#### Dataset records

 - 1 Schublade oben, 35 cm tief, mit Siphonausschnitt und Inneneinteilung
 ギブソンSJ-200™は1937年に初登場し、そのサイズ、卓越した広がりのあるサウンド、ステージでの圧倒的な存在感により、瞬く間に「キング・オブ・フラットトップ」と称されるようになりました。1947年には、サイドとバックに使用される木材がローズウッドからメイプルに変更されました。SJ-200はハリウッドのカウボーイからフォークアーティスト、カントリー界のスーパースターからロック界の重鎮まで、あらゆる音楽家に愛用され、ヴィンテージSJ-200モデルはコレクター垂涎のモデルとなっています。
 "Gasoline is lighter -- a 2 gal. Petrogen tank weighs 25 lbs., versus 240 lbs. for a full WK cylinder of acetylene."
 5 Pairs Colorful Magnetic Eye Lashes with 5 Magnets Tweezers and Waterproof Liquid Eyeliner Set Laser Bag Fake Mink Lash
* * *
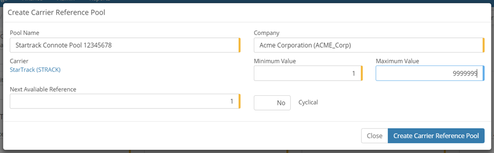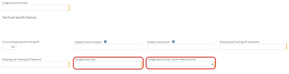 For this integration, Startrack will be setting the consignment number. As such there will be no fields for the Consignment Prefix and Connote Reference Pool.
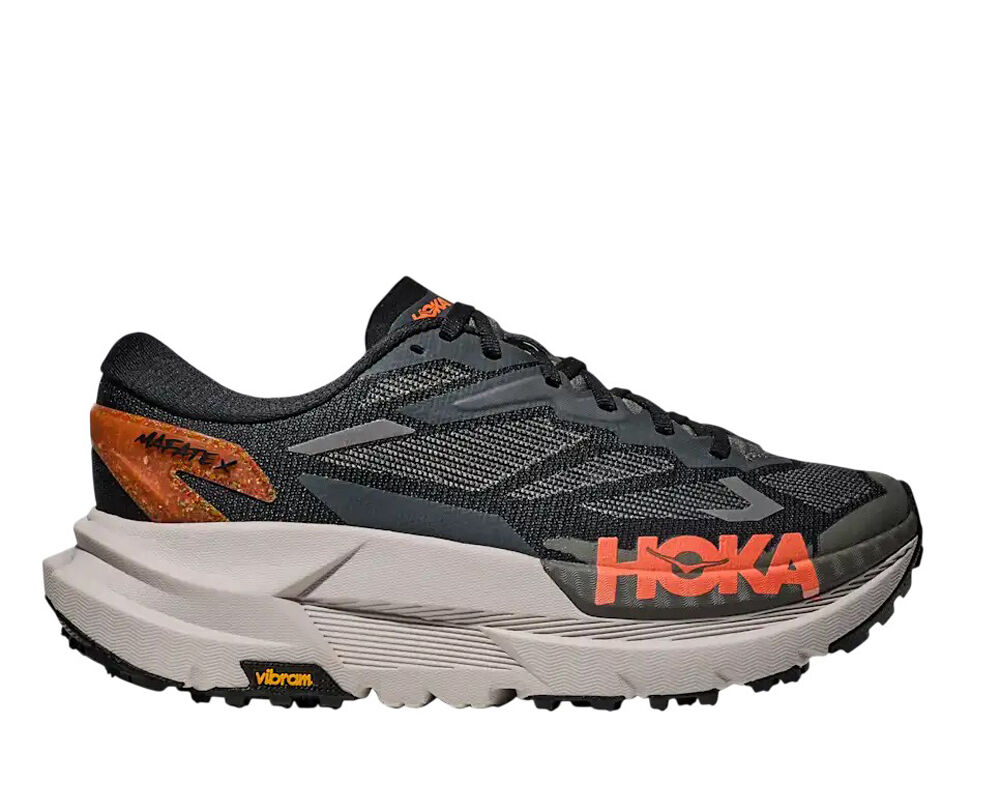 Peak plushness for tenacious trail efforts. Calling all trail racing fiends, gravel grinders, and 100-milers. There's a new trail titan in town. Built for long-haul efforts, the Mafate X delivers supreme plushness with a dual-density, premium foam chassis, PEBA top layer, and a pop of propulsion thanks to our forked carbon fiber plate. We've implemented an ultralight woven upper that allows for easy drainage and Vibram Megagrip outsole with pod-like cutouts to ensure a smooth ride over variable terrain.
==
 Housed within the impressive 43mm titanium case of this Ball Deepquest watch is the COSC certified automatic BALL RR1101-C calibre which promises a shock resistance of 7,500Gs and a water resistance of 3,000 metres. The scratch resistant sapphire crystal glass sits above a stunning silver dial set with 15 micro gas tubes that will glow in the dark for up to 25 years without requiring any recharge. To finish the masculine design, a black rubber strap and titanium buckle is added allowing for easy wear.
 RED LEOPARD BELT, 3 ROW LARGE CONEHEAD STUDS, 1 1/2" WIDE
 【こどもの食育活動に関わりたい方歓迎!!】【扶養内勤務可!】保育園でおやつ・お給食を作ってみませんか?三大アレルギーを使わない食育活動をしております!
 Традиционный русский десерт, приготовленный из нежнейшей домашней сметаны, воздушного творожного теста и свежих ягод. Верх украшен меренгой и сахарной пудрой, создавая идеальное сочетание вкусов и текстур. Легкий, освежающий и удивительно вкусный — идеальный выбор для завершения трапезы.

#### Task statement
Please give back exactly the lines of this listing beginning at the line with "lighter -- a" and ending with the line with "5 Pairs Colorful", both included, and nothing else.

#### Answer for this exercise
 "Gasoline is lighter -- a 2 gal. Petrogen tank weighs 25 lbs., versus 240 lbs. for a full WK cylinder of acetylene."
 5 Pairs Colorful Magnetic Eye Lashes with 5 Magnets Tweezers and Waterproof Liquid Eyeliner Set Laser Bag Fake Mink Lash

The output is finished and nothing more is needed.